Скопцов грохота сначала не расслышал, но всё равно испугался: Золотце говорил, смотритель древних палат в подвалы не заглядывает вовсе, но беда никогда не приходит одна.
— Так вот, граф. Четыре Фыйжевска мы вам не обещаем, у нас их нет. Мы вам вовсе ничего не обещаем, мы вам приказываем. Вне зависимости от того, что вы на сей счёт думаете, вы пойдёте и поможете нам получить интересующие нас сведения. Жаль, что вы не согласились сами — мы выше ценим тех, кому давление не требуется. Что не означает, что нам нечем давить.
И тут Скопцов догадался, откуда грохот.
Они ведь действительно сначала собирались инсценировать бегство графа Жуцкого — и как можно скорее занялись к тому приготовлениями.
Хэр Ройш отворил дверь на лестницу.
— Господа! Господа, другой подвал не потребуется, заходите сюда.
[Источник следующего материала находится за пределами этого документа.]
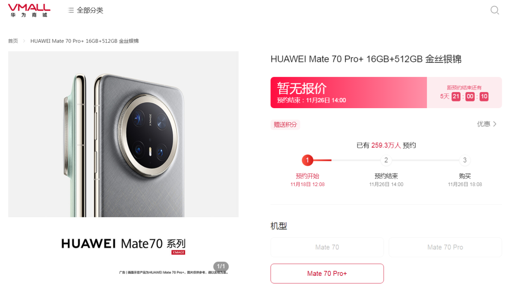 2、华为Mate系列新机将于11月26日正式亮相,目前Mate70系列新机预约人数超过了250万。
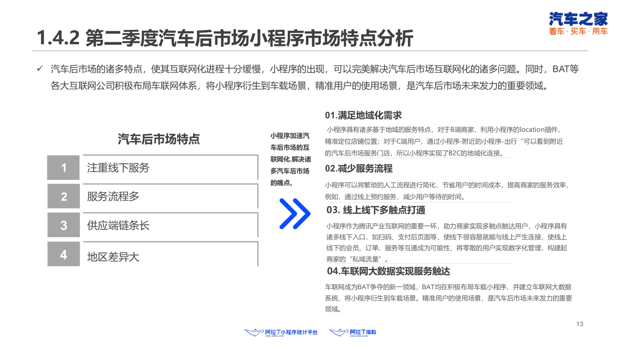 第二季度汽车后市场中小程序服务的特点:满足地域化需求、减少服务流程、打通线上线下触点、通过车联网大数据实现服务触达。
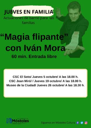La temporada arrancará el jueves 5 de octubre, a las 18:00 h en el Centro Sociocultural El Soto, con la puesta en escena del artista local Iván Mora, mago de gran prestigio, que nos enseñará sus trucos con "¡Magia flipante!". Se trata de un espectáculo divertido, con canciones populares y pequeñas coreografías para niños y mayores que serán protagonistas de este divertido show.
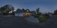 Classic American architecture showcased in this suburban home with a straight road leading up to it. The dusk sky contrasts with the artificial light illuminating the property. A tranquil scene at twilight.

Это были, конечно, Золотце и Мальвин. Золотце влетел первым и, чему-то смеясь, распахнул дверь пошире.
Следовавший за ним Мальвин, впрочем, и сам был достаточно ловок для того, чтобы проскользнуть в тесный дверной проём с ношей на плече и уверенным жестом, будто в танце, опустить на пол похищенную из своих комнат дочь графа Жуцкого.
Глава 89. Призраки
— При всём уважении, господин Гныщевич, вы зря включили в программу танцы. Вы не умеете танцевать и поэтому, стоя в стороне, выглядите неуместно. — Туралеев говорил вполголоса, уголком рта и не снимая с фасада приветливой гримасы. — Я по-прежнему полагаю, что одного только ужина было бы достаточно.
— Не беспокойтесь, mon cher, ужин ещё впереди. А танцы… — Гныщевич пожал плечами. — Всегда подозревал, что на подобных événements танцы начинаются, когда музыка замолкает.
Улыбаясь пролетающим мимо парам, он жадно вглядывался в каждое движение. Гныщевич давно успел привыкнуть к разряженным людям, но прежде ему не доводилось видеть, как разряженные люди веселятся.
Европейские гости и немногочисленные росы веселились регламентированно, но в то же время красиво. Очищенная от столов и посторонних людей «Петербержская ресторация» превратилась в большую табакерку с часовым механизмом. Гныщевич ловил заинтересованные взгляды и на себе.
Ну конечно, господин Туралеев приложил все усилия к тому, чтобы европейские гости не ожидали от градоуправца приёма. Ни тёплого, ни светского.
— Как ваше самочувствие? — продолжил зудеть только что мысленно помянутый мастер интриги. — Господин Гныщевич, леший вас! Сперва вы отпускаете преступника, покусившегося на официальную фигуру, и мы ловим его — непростая, хочу заметить, задача, когда тавры отлынивают от исполнения приказа, а солдат Охраны Петерберга вы то ли пустили обратно в город, то ли не пустили…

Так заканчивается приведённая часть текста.